---- Data under study

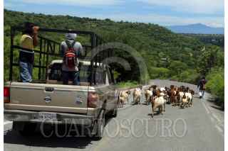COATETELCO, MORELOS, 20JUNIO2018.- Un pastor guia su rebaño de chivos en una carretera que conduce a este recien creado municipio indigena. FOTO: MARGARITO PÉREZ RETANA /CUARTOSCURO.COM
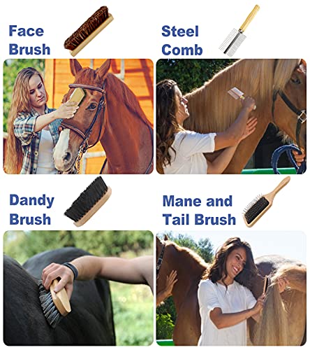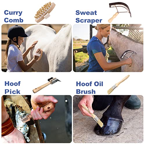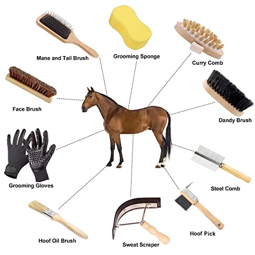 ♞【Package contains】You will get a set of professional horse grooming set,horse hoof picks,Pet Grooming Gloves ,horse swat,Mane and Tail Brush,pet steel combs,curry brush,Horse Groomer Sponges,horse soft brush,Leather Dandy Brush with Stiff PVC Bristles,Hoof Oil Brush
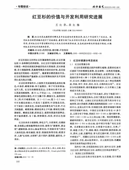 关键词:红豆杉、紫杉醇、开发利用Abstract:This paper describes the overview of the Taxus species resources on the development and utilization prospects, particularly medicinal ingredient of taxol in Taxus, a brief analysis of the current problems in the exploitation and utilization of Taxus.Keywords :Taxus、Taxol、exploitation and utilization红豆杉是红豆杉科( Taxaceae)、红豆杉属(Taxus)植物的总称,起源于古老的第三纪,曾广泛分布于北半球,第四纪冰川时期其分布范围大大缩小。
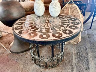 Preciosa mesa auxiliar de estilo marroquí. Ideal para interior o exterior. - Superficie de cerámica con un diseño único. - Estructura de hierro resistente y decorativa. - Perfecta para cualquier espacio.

--------
---- Data under study

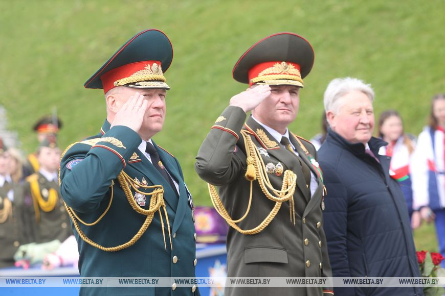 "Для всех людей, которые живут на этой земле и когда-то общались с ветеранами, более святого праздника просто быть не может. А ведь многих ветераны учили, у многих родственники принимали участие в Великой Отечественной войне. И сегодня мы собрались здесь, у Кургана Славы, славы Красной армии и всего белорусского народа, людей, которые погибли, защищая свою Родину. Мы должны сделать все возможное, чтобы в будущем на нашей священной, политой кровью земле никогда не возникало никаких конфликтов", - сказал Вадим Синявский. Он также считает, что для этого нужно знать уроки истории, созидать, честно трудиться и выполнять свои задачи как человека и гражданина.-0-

--------

■ **Task brief**
Given the entries above, transcribe exactly the lines from the one holding "COATETELCO, MORELOS, 20JUNIO2018.- Un" through the one holding "Preciosa mesa auxiliar"; pictures do not belong in the transcription.

■ **Written response**
COATETELCO, MORELOS, 20JUNIO2018.- Un pastor guia su rebaño de chivos en una carretera que conduce a este recien creado municipio indigena. FOTO: MARGARITO PÉREZ RETANA /CUARTOSCURO.COM
 ♞【Package contains】You will get a set of professional horse grooming set,horse hoof picks,Pet Grooming Gloves ,horse swat,Mane and Tail Brush,pet steel combs,curry brush,Horse Groomer Sponges,horse soft brush,Leather Dandy Brush with Stiff PVC Bristles,Hoof Oil Brush
 关键词:红豆杉、紫杉醇、开发利用Abstract:This paper describes the overview of the Taxus species resources on the development and utilization prospects, particularly medicinal ingredient of taxol in Taxus, a brief analysis of the current problems in the exploitation and utilization of Taxus.Keywords :Taxus、Taxol、exploitation and utilization红豆杉是红豆杉科( Taxaceae)、红豆杉属(Taxus)植物的总称,起源于古老的第三纪,曾广泛分布于北半球,第四纪冰川时期其分布范围大大缩小。
 Preciosa mesa auxiliar de estilo marroquí. Ideal para interior o exterior. - Superficie de cerámica con un diseño único. - Estructura de hierro resistente y decorativa. - Perfecta para cualquier espacio.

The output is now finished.